In a medieval abbey near Paris, in a room piled high with old Chinese texts, lies a manuscript gathering dust. Though ordinary in appearance, it first captures the eye of the narrator of François Cheng’s novel. Then, once he begins to read, it captures his imagination and his heart. The book dates from the mid-seventeenth century, during the twilight of the Ming Dynasty. Barbarian armies are massing along the Empire’s Northern borders, and a vast and sophisticated civilization-during whose heyday China had begun to emerge from its long isolation and undergone an explosion in the arts equal in its way to Europe’s Renaissance-teeters on the brink of monumental and perhaps catastrophic change.
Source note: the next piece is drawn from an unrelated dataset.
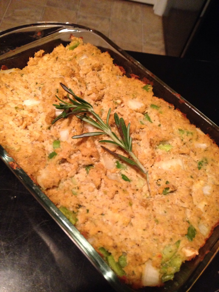 3. Preheat oven to 350. Spread mixture in baking dish and bake for 40 minutes or until golden brown at the top. Garnish with rosemary.

Yet rather than filled with lore of military heroism, or with tales of palace intrigue, or with nostalgic memories of better days, the book tells a simple and very powerful love story.

It opens to a spring day, when a middle-aged doctor named Dao-sheng leaves the mountaintop Taoist monastery where he has been living and sets out for the Region of the South, to the city he had once visited thirty years earlier and where his life had been irrevocably changed. He had then been a strapping but poor young musician traveling with theater troupe. One evening, during a performance, he caught the eye of well-born young woman named Lan-ying. Their contact lasted but a minute, but to them it felt like an eternity. For this act of audacity he was banished to hard labor by the girl’s jealous fiancée, the dissipated scion of a powerful family, who had witnessed their exchange and grasped its significance. Across the decades of a life spent either on the run or hiding out in monasteries, where he mastered medicine and divination, Dao-sheng never forgot Lan-ying. One exchange of glances had sealed something forever, something whose enduring power would decide their fates.

In My Hands Today…

Sister of My Heart – Chitra Banerjee Divakaruni

Anju is the daughter of an upper-caste Calcutta family; her cousin Sudha is the daughter of the black sheep of the family. Sudha is as beautiful, tenderhearted, and serious as Anju is plain, whip-smart, and defiant. yet since the day they were born, Sudha and Anju have been bonded in ways even their mothers cannot comprehend.

The cousins’ bond is shattered, however, when Sudha learns a dark family secret. urged into arranged marriages, their lives take sudden, opposite turns: Sudha becomes the dutiful daughter-in-law of a rigid small-town household, while Anju goes to America with her new husband and learns to live her own life of secrets. Then tragedy strikes them both, and the women discover that, despite the distance that has grown between them, they have only each other to turn to. Set in the two worlds of India and America, this is an exceptionally moving novel of love, friendship, and compelling courage.